Recently, I attended an official Chinese banquet for 7000 guests here in Southern California. It was a dinner recognizing the high achieving participants in the largest Chinese incentive travel group to ever visit the US. I was seated at the head table – a setting that sat 30 people! This honor and recognition was not given lightly.

The head table was populated by the group’s key executives. I was seated to the right of the chairman and the former Chilean President. How did this come about? It was in recognition of my relationship with the Chinese tourism industry that reaches back decades. Our hosts were simply giving “face” to a long-time friend. It was an honor and I was deeply appreciative.
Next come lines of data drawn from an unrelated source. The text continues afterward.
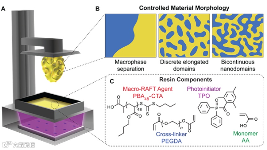 3D打印技术极大地简化了具有任意几何形状和定制化学成分材料的生产。至关重要的是,虽然直接墨水书写和立体光刻等3D打印方法能够制造具有高分辨率微观和宏观尺度特征的多材料,但在纳米尺度上对材料特性的控制仍然难以实现。已经开发了几种创新技术来减小3D打印中的特征尺寸,尤其是双光子打印,但是,这些系统是由越来越复杂和专业化的硬件驱动的。由于嵌段链段之间的热力学不相容性,嵌段共聚物自发地微相分离。由于嵌段共聚物链段是共价键连接的,因此熵恢复力限制了宏观相分离,从而提供了具有复杂形态和纳米级结构的高度有序的材料。聚合诱导微相分离(PIMS)利用可逆失活自由基聚合进行原位嵌段共聚物的形成,多官能(交联)单体的聚合允许相分离混合物的动力学阻滞。PIMS工艺允许一步形成由具有独立可调特性的不同相组成的纳米结构材料。这一显着特征允许纳米结构材料用于各种应用,包括作为纳米多孔材料、聚合物电解质膜、生物医学材料等。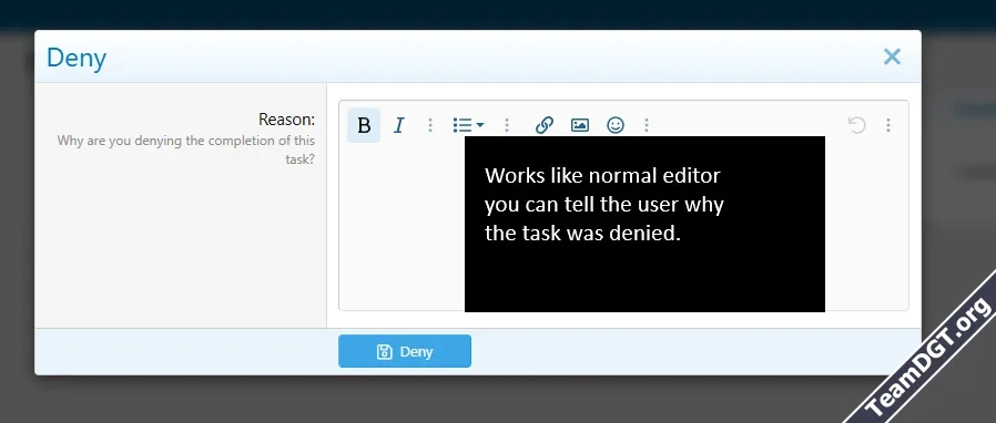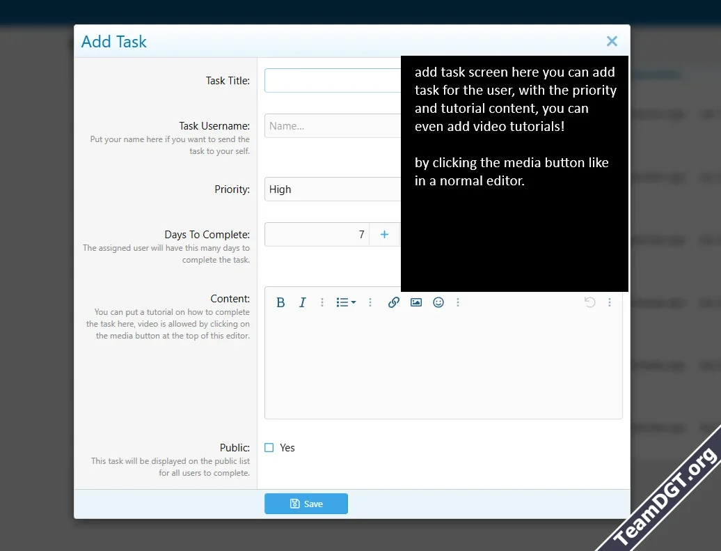 Tutorials, when a staff assigns a task, they can give the user a tutorial, and even post video tutorials it works like the normal editor.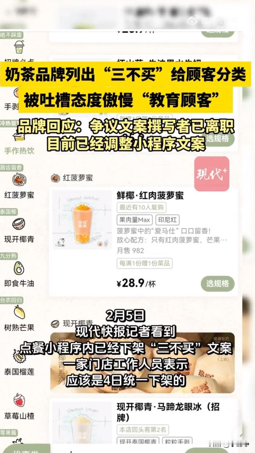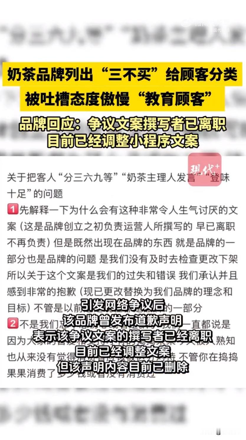 广西南宁的本土奶茶品牌捣捣果果,因为点单小程序里的一番操作直接引发网友吐槽,小程序里明确列出“三不买”,让三类消费者谨慎下单,被大家吐槽态度太傲慢,妥妥的是在教育顾客,这波操作也让不少网友直呼喝个奶茶还被区别对待,实在离谱。有网友在社交平台晒出截图,这个品牌的点单小程序里,专门有一栏写着“以下三类人谨慎下单”,明晃晃列出了“三不买”的标准,分别是十分注重包装还盲从大品牌的、对优质水果价格没基本认知的,还有喝不出味道差别,被品牌称作“木舌头”的消费者,最后还加了句“请自觉对号入座”,字里行间的优越感都快溢出屏幕了。不仅如此,品牌还对应列了“三买”的人群,都是追求果肉口感、有生活品位和经济能力的,这明摆着把顾客分了三六九等,直接踩中了消费者的雷区。大家本来点杯奶茶就是图个开心,结果还得先被品牌挑挑拣拣,不少网友看完都炸了,纷纷吐槽这哪是卖奶茶,简直是在搞消费者PUA,奶茶行业说到底是服务业,这么说话也太不把顾客当回事了,还有人直言“就算奶茶再好喝,这态度也让人没了购买的欲望”。随着吐槽的声音越来越大,这事也在网上越传越广,品牌这才赶紧出来回应,先是发了道歉和情况说明,称这些争议文案是品牌创立初期的运营人员写的,现在这位运营早就离职了,是因为没及时检查更新,才让这些内容一直挂在小程序上,还表示已经把相关内容替换成了品牌理念。可让人没想到的是,这份道歉声明没挂多久就悄悄下架了,这波敷衍的操作更是让网友不满,大家直言就算是离职员工写的,品牌也有审核的责任,不能一出事就把锅甩给别人,道歉发了又删,根本没半点诚意。之后有记者联系到品牌的线下门店,工作人员表示小程序里的“三不买”提醒已经按总部要求统一下架了,只是当记者想进一步联系品牌公司时,公开登记的电话却始终无法接通,也没收到任何回复。其实大家反感的从来不是品牌注重品质,而是这种把顾客分等级的傲慢态度,奶茶行业竞争本就激烈,好好做产品、真诚对待消费者才是根本,靠这种方式彰显所谓的品牌个性,到头来只会惹来反感,消耗自己的口碑。 来源:现代快报

Like most occasions, dining in the Chinese culture has its protocols. Take seating arrangements. Aside from indicating hierarchy, seating arrangements give “face” to attendees, especially those who are guests of the host. At a round table, the seat directly facing the door is usually reserved for the most important or highest level attendee—whether or not he or she is host. The second highest level attendee sits to the left of the highest and the third highest level attendee sits to the right of the highest level attendee. From there, the seating continues with left taking precedence over right when distance is equal.

Toasting also has its “rules of the road.” Usually, the host offers an initial toast to the group as a signal that the meal is starting. After several rounds of toasting, you should toast back at least once to the host and party. As you make your toast, be sure that your glass touches a lower part of the others’ glasses, taking care not to touch the bottom of anyone’s glass.
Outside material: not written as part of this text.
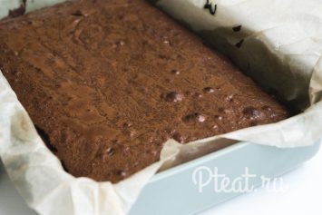 - Берем форму, в которой будет выпекаться наш американский «Брауни», застилаем ее пергаментной бумагой, смазываем сливочным маслом и выливаем приготовленное по рецепту тесто.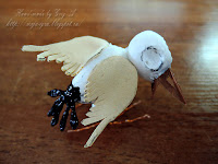 Задний фон - "дождливая" ткань. На ней идет частый осенний дождик.А вот на правой нижней фотографии собраны уже готовые части панношки: зонтик, сапожки, плащ, птичка:)

As the dinner winds down, take your cue from the host. He or she will signal an end; and, if you are invited to linger after dinner, take advantage of this additional chance to further develop the relationship in a social setting.

Finally, plan to bring a small, inexpensive gift, but with significant meaning and appropriate to the occasion, for the host and his party.

As China globalizes its economy and plays an ever larger role on the world stage, business in China will more likely be conducted in its secondary and tertiary cities where it likely will follow local traditions. It will be even more critical for you to develop ”guanxi” with your potential partners. Remember, to be successful doing business in China has little to do with your power point presentation, the company you represent or your wardrobe. It depends on the “guangxi” you forge and who you build this relationship with. And even though, today, expansive and expensive dinners are being scrutinized in China because of the perception that these can be a form of a bribe, there still remains no better venue for building a relationship than over a good dinner – no matter where you are, but especially in China.